The aim of our research was to perform a comprehensive study of ecdysterone (ECD)-containing dietary supplements (DSs). Two analytical methods were optimised according to the expected concentration of the target compounds: quantitation of ECD by liquid chromatography (LC) coupled to diode array detector (DAD), and limit test for 47 World Anti-Doping Agency prohibited by LC coupled with tandem mass spectrometer (MS/MS). For quantitation of ECD, the method was fully validated with outstanding performance characteristics (LOD: 35 µg·g−1, LOQ: 115 µg·g−1, CV% < 5%), resulting in significantly lower LOD and shorter runtime than published previously.

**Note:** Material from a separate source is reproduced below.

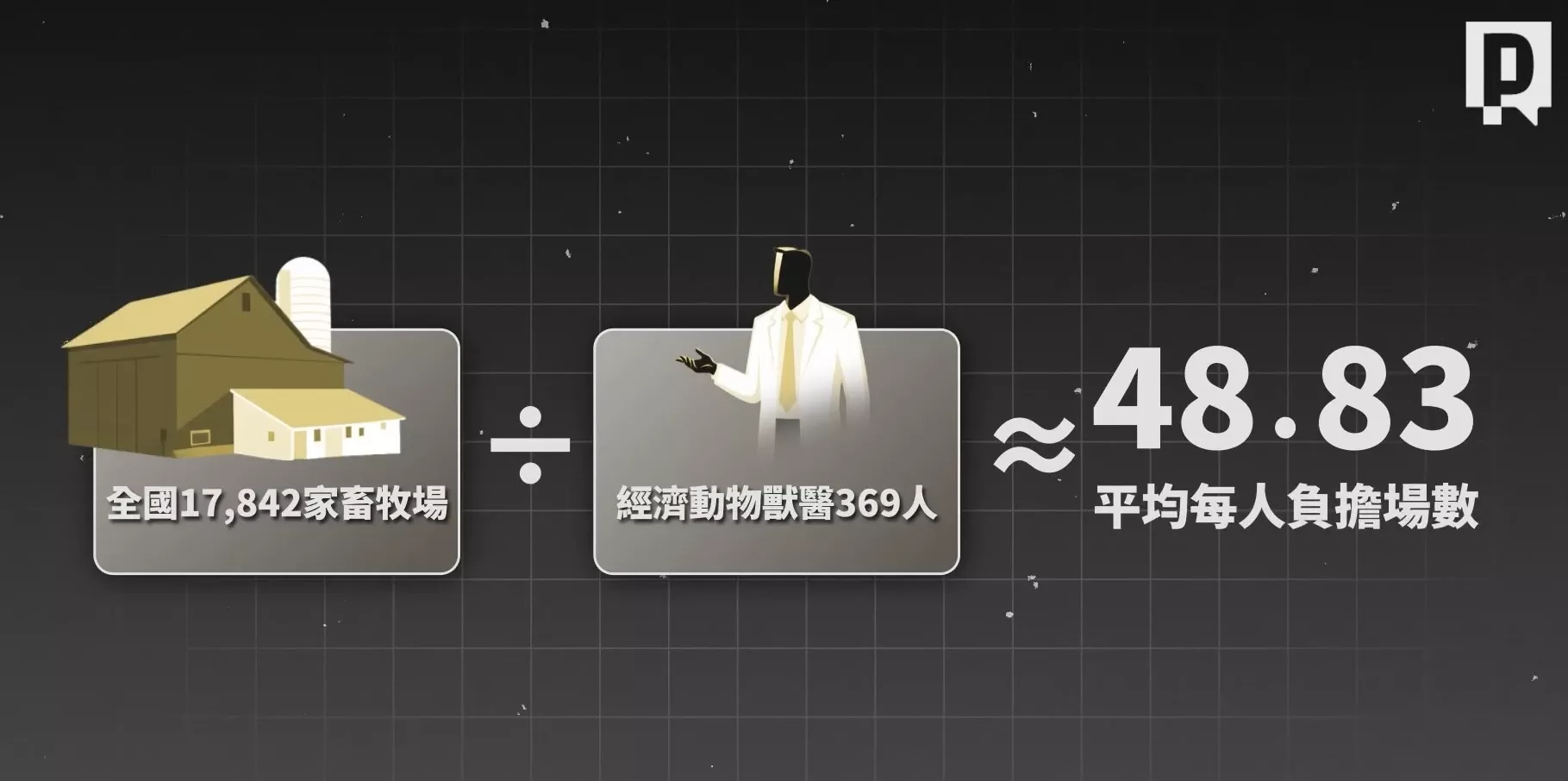 目前全國共有1.7萬家畜牧場,雖然畜牧場簽訂特約獸醫師不一定要是畜牧場專業,但大多還是會以經濟動物獸醫師為主,若換算下來每人平均要分攤將近50場。

For limit tests, a chromatographic method was developed to obtain excellent separation, while MS/MS parameters were optimised to allow the lowest possible reporting limit (RL: 0.6–10 ng·g−1 or mL−1). Twenty-one ecdysterone-containing DSs from ten brands were analysed. In all cases, the measured ECD content was much lower than labelled, and 20% of the samples contained a prohibited substance. The concentration of ecdysterone and contaminations varied randomly from batch to batch. The developed methods help to prevent the use of contaminated or useless DSs.

Ecdysterone: Possible sources of origin in urine

Ecdysterone (crustecdysone; beta-ecdysone; 20-hydroxyecdysone) is a naturally occurring steroid hormone belonging to the ecdysteroid class. The presented study investigated the possible concentration range of ecdysterone in urine after consumption of various preparations of spinach, drinking tea (made from Rhapoiticum Carthamoides) and topical use of a cream containing Cyanotis arachnoides. It is very important to establish reference ranges reflecting concentrations compatible with dietary habits and common uses of care products. The data obtained in the research may be used in the interpretation of results of routine analyses. In addition, elimination time and observed concentrations provided by the studies conducted by the Polish Anti-Doping Laboratory can be used by WADA. In the case of spinach, peak elimination occurred within the first few hours, followed by a rapid decline. As for the other plants, instead of clear peak concentrations, gradual elimination was observed. Individual differences were observed between volunteers depending on route of administration. Differences in ecdysterone elimination following ingestion of spinach-based and other plant products were observed too. The highest observed ecdysterone concentration was related to the paste consumption, and it was 691 ng/ml. Finally, our findings were compared with the data collected for the samples routinely tested as part of the monitoring program. During 2.5 years, the presence of ecdysterone was confirmed in as many as 507 samples out of 11 191 total samples tested. The concentration range was very wide, from 1 ng/ml (which is the LOD for this method in the Polish Anti-Doping Laboratory) to over 2000 ng/ml.